In The importance of threat protection for restful web services, I presented a number of content-based threats for XML. When protecting an endpoint from XML based attacks, not only are payloads scanned for code injections, malicious entity declarations and parser attacks, XML documents are actually validated against strict schemas that clearly describe expected document structures. Enforcing this type of compliance at the edge, in a SOA gateway for example, minimizes the risk of attacks of the Web service endpoint. Structure definition languages such as XML Schema Definition (XSD), schematron, XPath are all helpful tools in describing the type of data and structure of XML documents that are expected at runtime.
A number of recent posts illustrated the use of the SecureSpan SOA Gateway for the protection of RESTful Web services. In How to secure REST and JSON, Scott illustrated how to virtualize a REST API service, how to authenticate and authorize requesters, provide confidentiality, validate incoming query parameters, block code injections, and more.

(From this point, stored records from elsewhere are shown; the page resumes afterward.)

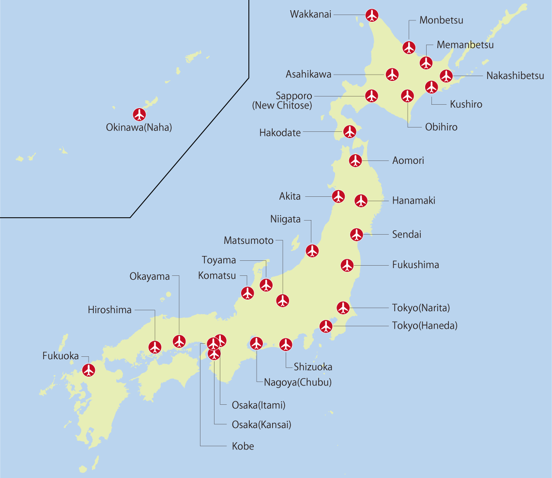 Okayama | Sapporo(New Chitose) | ○ | × | Timetables |
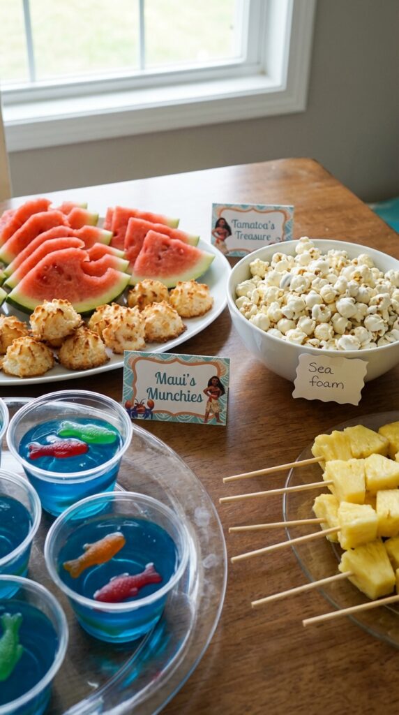 Label everything with Moana-themed tags — “Maui’s Munchies” or “Tamatoa’s Treasure” — and suddenly ordinary snacks become part of the story.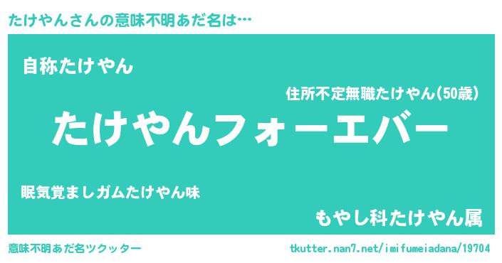 | ファンタジー風あだ名 | 『エターナルタケヤンー』『ゼタケトゥ』 |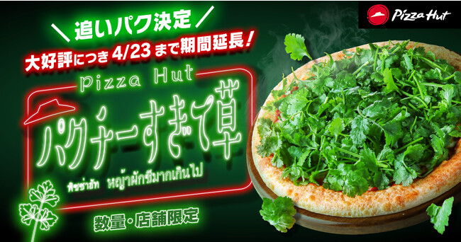 想定販売数の2倍以上を達成といった実績もさることながら、それ以上にSNSやメディアでも大きく取り上げていただき想像以上の反響に驚いております。盛り盛りのパクチーにこんなに皆さんが食いついてくれるとは・・! 〈新鮮なパクチーを独り占めできて満足〉〈箱を開けた瞬間マジで草〉〈完全にネタ?!苦手な人には地獄〉と賛否両論もありますが、〈パクチーこの倍あっていい〉とパクチストの皆さんはもちろんのこと、〈美味しい、レギュラー化してほしい〉〈終わっちゃう前にもう一度食べたい!〉と多くの声が挙がっているのを拝見し、販売終了日が迫る中でも冷めない盛り上がりに開発者一同嬉しい限りです。 そして皆様からの熱いリクエストにより、この度、追いパク(販売延長)を決定しました!※提供するパクチーの量は3株と変わりません。 販売期間を4月23日(日)まで延長いたしますので、まだパクチーピザに冒険できていない方もこのピザの美味しさに虜になってしまったパクチストの皆様も、ぜひピザハットで想像以上の一品を堪能してください!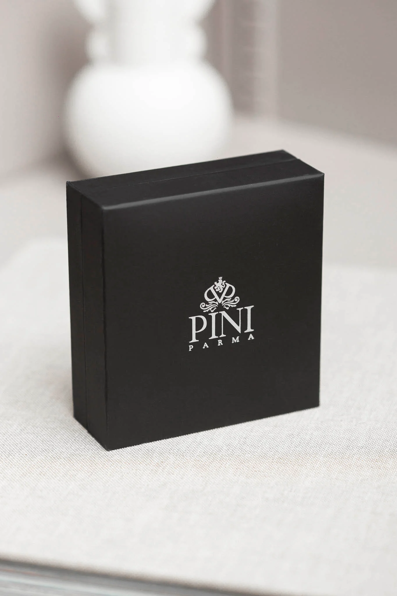 Composition: Hand polished brass with a palladium finish, Swarovski crystal detail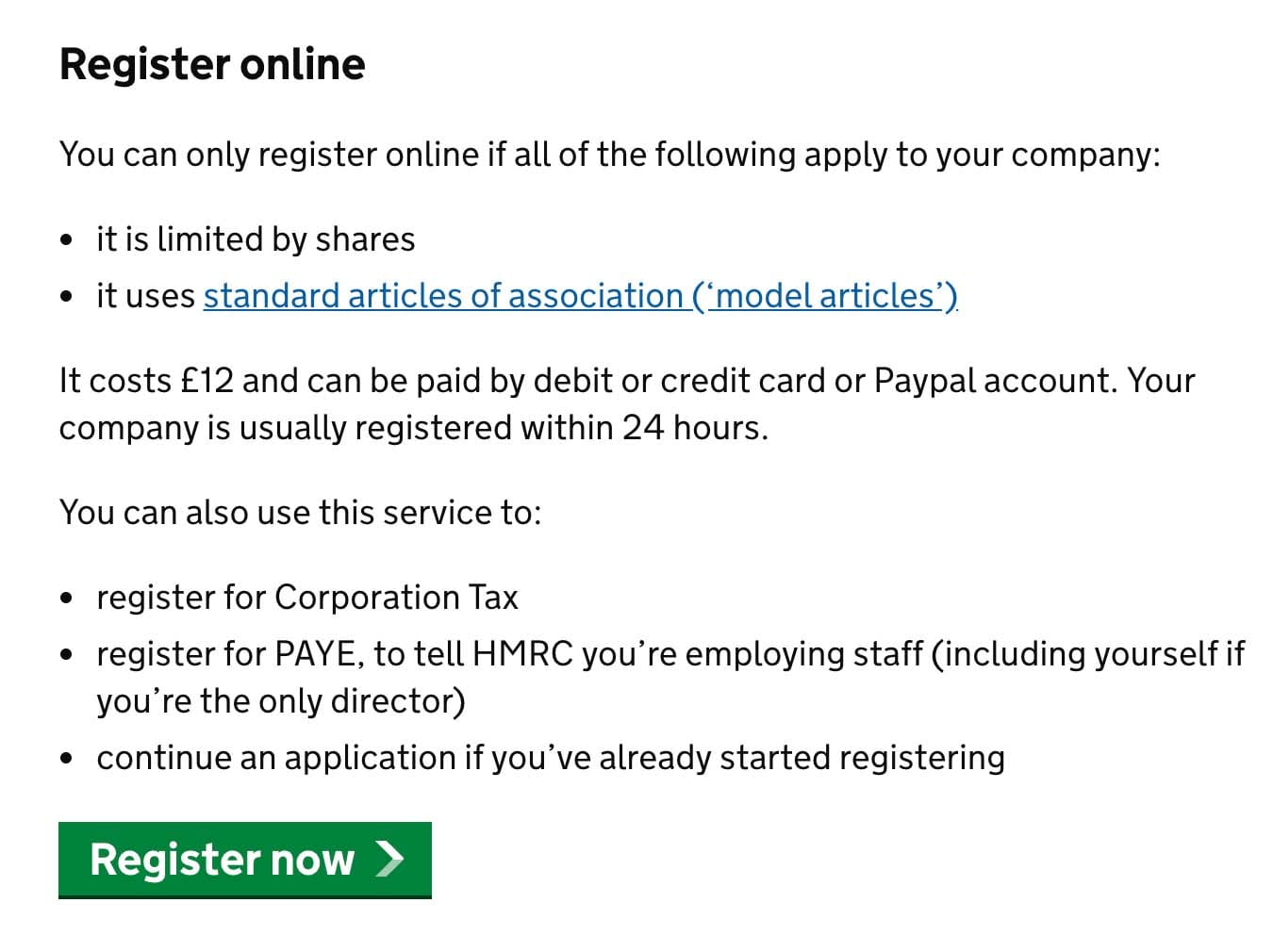 - Registering fee in Companies House is 12 GBP. You can pay with card or PayPal and the confirmation comes within 24 hours.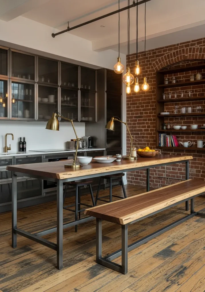Loft living gets the kitchen-dining treatment with this open-plan space that mixes raw materials with refined details. The steel-framed kitchen island features a raw-edge walnut top that extends to create a communal dining bench—one continuous surface that flows from prep to gathering.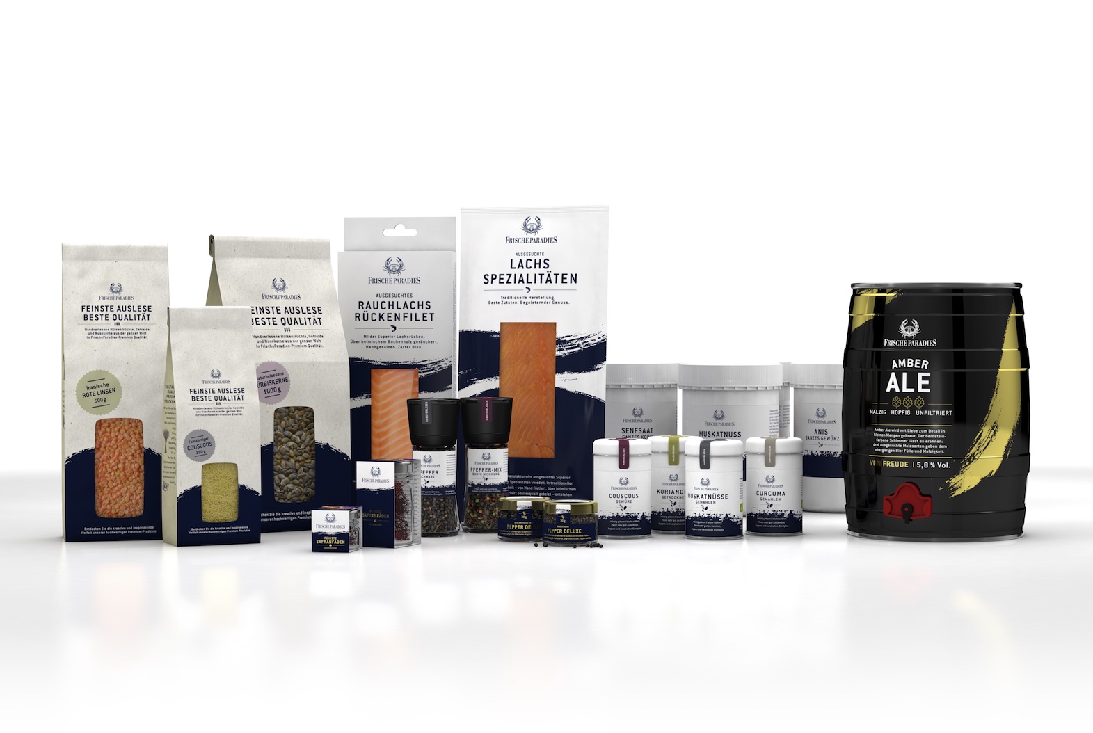 Zentrales visuelles Gestaltungselement des von der Werbeagentur Münzhartmann gestalteten neuen Verpackungsdesigns ist der Brush, ein tiefblauer handgeschwungener Pinselstrich, der je nach Produktgruppe mal verwischter, mal präziser ausfällt. Er soll die gehobene Lebensart und die handwerkliche Herstellung vieler Produkte unterstreichen, zum Beispiel beim Rauchlachs Rückenfilet. „Vielen Kunden ist das edle neue Verpackungsdesign gleich aufgefallen und wir bekommen täglich positive Rückmeldungen aus unseren elf Niederlassungen. Das freut uns genauso wie die hohe Auszeichnung mit dem German Brand Award in der Kategorie „Excellence in Brand Strategy and Creation Brand Design“, sagt Christian Horaczek.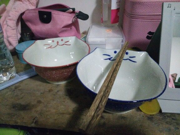 然后没忍住给刚同居的男朋友一人来了一个木下同款猫咪碗哈哈哈~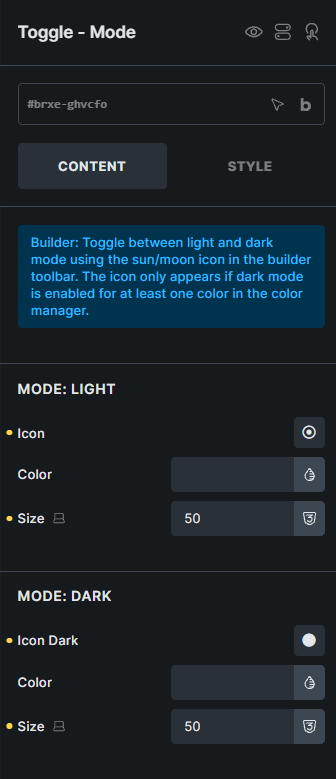 toggle element for frontend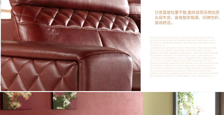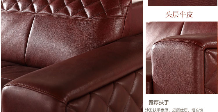 进口头层真皮沙发线条流畅简洁,厚实饱满,温暖色调的自然美,极具艺术美感,强烈的贵族风情。让人感觉舒适,享受奢华。简约坚固 外观细腻淡雅,自然简洁,形尚简约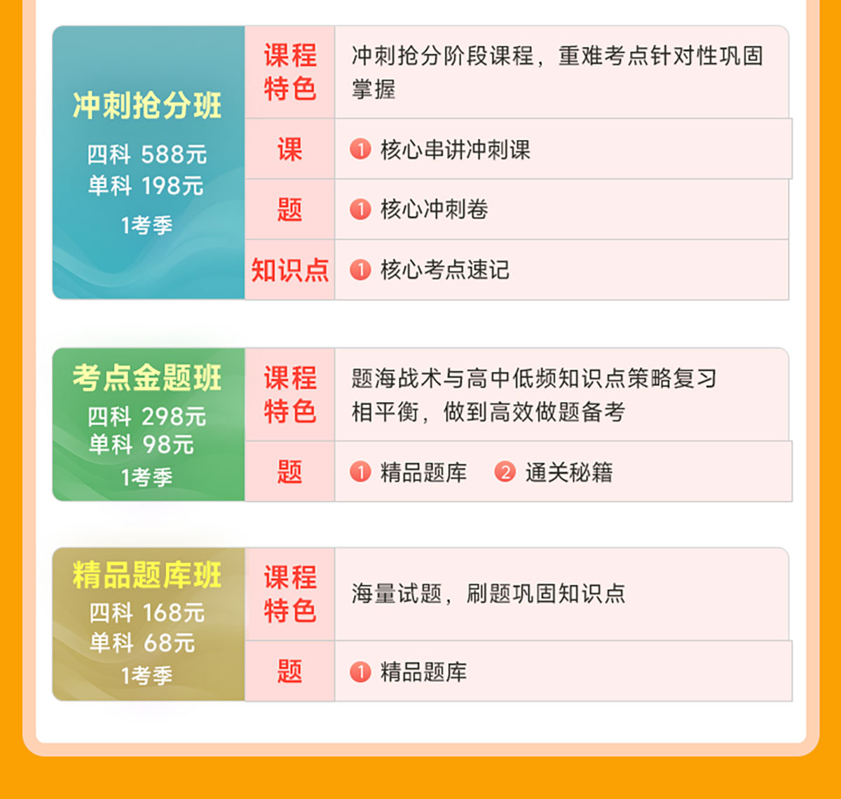 | 冲刺抢分班 | 冲刺阶段重点突破 | 核心串讲+冲刺卷+考点速记 | 四科 588元 / 单科 198元 | 1考季 |

In addition to this, consider the SecureSpan JSON Schema validation assertion which can be incorporated in SecureSpan policies. In the service policy illustrated below, PUT requests are inspected for proper JSON structure using this assertion.
This assertion’s properties allow the administrator to provide a JSON Schema for runtime validation. See below a simple JSON Schema loaded in the assertion’s properties.
For testing this policy, we can PUT requests to this service using the Firefox REST Client plugin. This lets us verify that only JSON stuctures that comply with the JSON Schema are accepted.
Test 1 – Sending a JSON payload that conforms to the JSON Schema.
Test 2 – Sending a JSON payload that violates the JSON Schema prescribed structure.
The ability to validate incoming JSON payloads at the perimeter, in an isolated and secured environment is another example of SecureSpan’s value in securing RESTful environments.